In the last post, we saw that Self builds relationships with parts, and those relationships make it possible to release burdens. Since burdens are the source of so many of our problems, this release can transform our lives for the better. And yet, I don’t believe that Self builds relationships in order to release burdens. I believe that Self builds relationships for their own sake. The real treasure, as they say, is the friends we made along the way.
Techniques for releasing burdens are not yet as widely known as they should be, but there are in fact many such techniques. However, I stick with IFS instead of, or in addition to, everything else because it gives me the ability to explicitly maintain long-term relationships with my parts.
Navigating Everyday Challenges
Maintaining communication between Self and parts allows a person to live in a state called Self-leadership. Others might call this mindful living, because a Self-led person responds mindfully to situations—considering all options and choosing the best one—rather than reacting impulsively out of habit or fear. Self-leadership means that all parts trust the Self enough that, as long as it’s not a true emergency, they’re willing to bring their knowledge and opinions to a sort of inner conference and let Self choose the best course of action. This allows people to avoid both reckless decisions and the painful state of indecision that happens when two parts that disagree both try to take control at the same time.
Avoiding New Burdens
Real threats and losses are, unfortunately, inevitable in life. Just as they burdened your parts in the past, they have the potential to re-burden your parts in the future. In her book Daily Parts Meditation Practice, Michelle Glass describes how this happened to her when she stopped doing IFS after recovering from her trauma. But now that she maintains a daily IFS practice, she’s able to help her parts avoid new burdens even when she goes through difficult phases of life.

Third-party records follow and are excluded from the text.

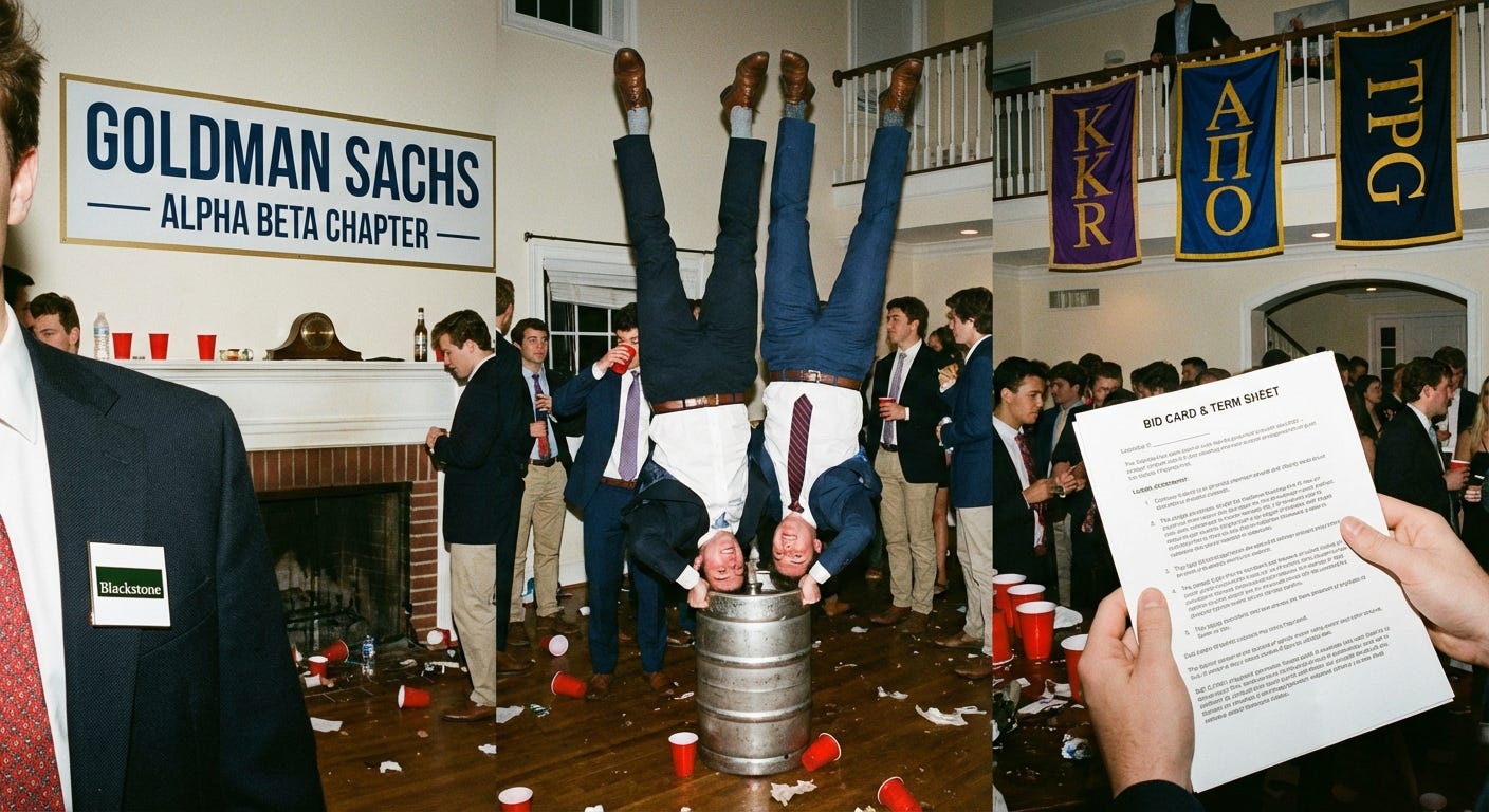So why the frenzy, why the rushing, why the insanity that mirrors Greek life on university campuses? American PE runs on a fraternity-to-firm pipeline. I’ll state the obvious - it is not about meritocracy, it is about class and social reproduction.
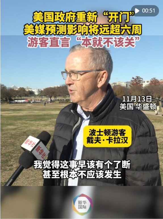 11月13日是持續43天的美國政府“停擺”結束后的第一天。新華社記者在首都華盛頓特區看到,華盛頓紀念碑暫未開放,但周邊游客絡繹不絕。當被問及對政府重新“開門”的感受時,有人直言“太好了”,有人表示“總算松了一口氣”,也有人抱怨“本來就不該關門!”
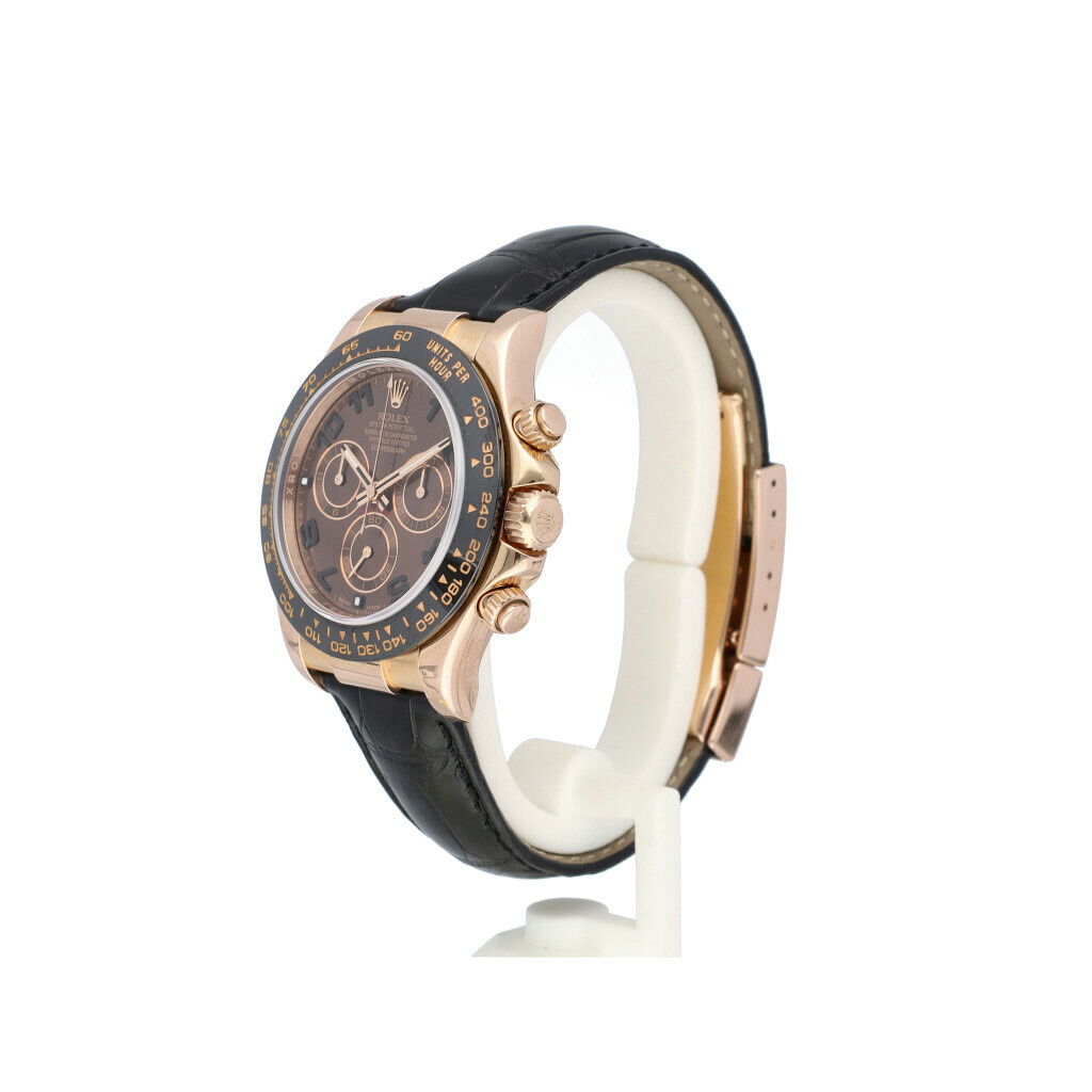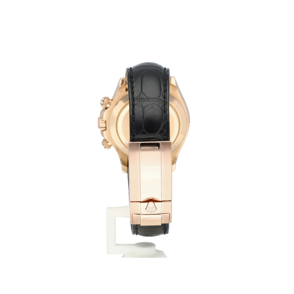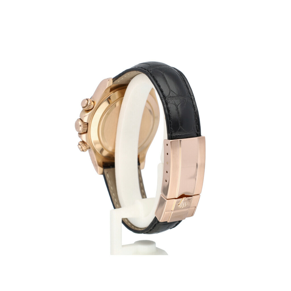 In very good condition Rolex Daytona in rose gold with brown dial and leathter strap from +/- 2010 (G734... serial) complete with box, no papers. Comes with new black Rolex alligator strap. Not worn since.
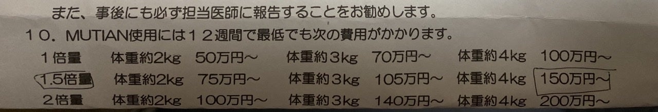 回復するにつれて体重が増えますが、体重が増えたら増量するため、更に値段があがります。
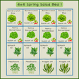 Based on the Squarefoot Gardening method, each square in the 4x4 grid represents 1 square foot of gardening space. This particular map corresponds to the perfect 4x4 pre-planned Spring Salad Bed Bundle of plants and seeds that we offer.

I used to think the idea of “self-soothing” was a joke. It didn’t matter how many times I told myself that everything was clearly okay; if I was anxious, I was anxious. This was the first thing IFS changed for me. As soon as I realized that true self-soothing is not about one entity telling itself that things are okay, but rather Self telling a part that things are okay, it clicked. I have no problem soothing a friend who’s scared, comforting a friend who’s sad, or showing love and acceptance to a friend who feels shame. Bringing those skills inside helps me feel that I’m never truly alone.
And this companionship goes both ways. Often, in my first session with a new client, as I guide the client to pay attention to a part, the client reports that the part feels relief and gratitude. The part says something like “Finally, you see me. I’ve wanted this for so long.” This can even happen to clients who had noticed and analyzed the part in the past. Befriending a part is different from thinking about it, and that difference is deeply meaningful.
Unlocking Your Full Potential
A common misconception about IFS is that Self is good and parts are bad. While it’s true that making room for Self to show up in the inner system is the key to deep positive change, that’s not because Self is better than parts. It’s actually because the inner system needs all of its elements, Self and all parts, to take up their rightful roles and work together. And parts do have rightful roles, even though the roles we originally find them in are often problematic.
Unburdening frees parts up to find their natural talents and play their ideal roles in our lives. Not only do they stop creating problems, but they start bringing creativity, passion, playfulness, wisdom, and other wonderful qualities into people’s lives.
One of the first changes I noticed when I started doing IFS, even before I had unburdened any parts, was that I started laughing more. My partner would tease me and I would fully intend to keep a straight face to send the message that despite his joke, I still meant business, but nevertheless, a part would break through with laughter. Okay laughing part, fine, I guess I can stand to have a little more fun along the way!
If we rely on merely coping with parts’ burdens instead of helping parts into these new roles, we lose out on some of what parts have to offer.
Alma’s Happily Ever After
Let’s see what those ideal roles are for Alma’s parts. When they’re unburdened:
- Belle, formerly an exile holding fear and shame, gets back in touch with her childlike wonder. Alma finds herself more able to appreciate beauty in the world, something she always seemed too busy to do before. This turns out to be an asset in Alma’s creative work.
- Clara, formerly a self-doubting protector, transforms her doubt into clarity. She still lets Alma know when she thinks Alma is making a mistake, but her voice isn’t harsh and critical anymore; it’s calm and insightful. Rather than telling Alma her ideas are stupid, she gives Alma suggestions for what might help. She can handle it if Alma doesn’t agree, because she knows Belle is safe either way.
- David, formerly a procrastinating protector, trades in his impulsive need to change the subject for passion. He still has the same intense energy, but instead of using it to take Alma off track, he uses it to show her what she really cares about. By helping Alma see which topics are her favorite, he makes her more focused—the opposite of what he did before!
You may notice that these unburdened roles are reflected in the parts’ names, which is my way of showing that these positive roles are more essential to the parts than their burdened behavior was. Alma didn’t have to teach her parts these talents, just make space for them. You have everything you need inside of you already, and you have so much to gain by getting to know it.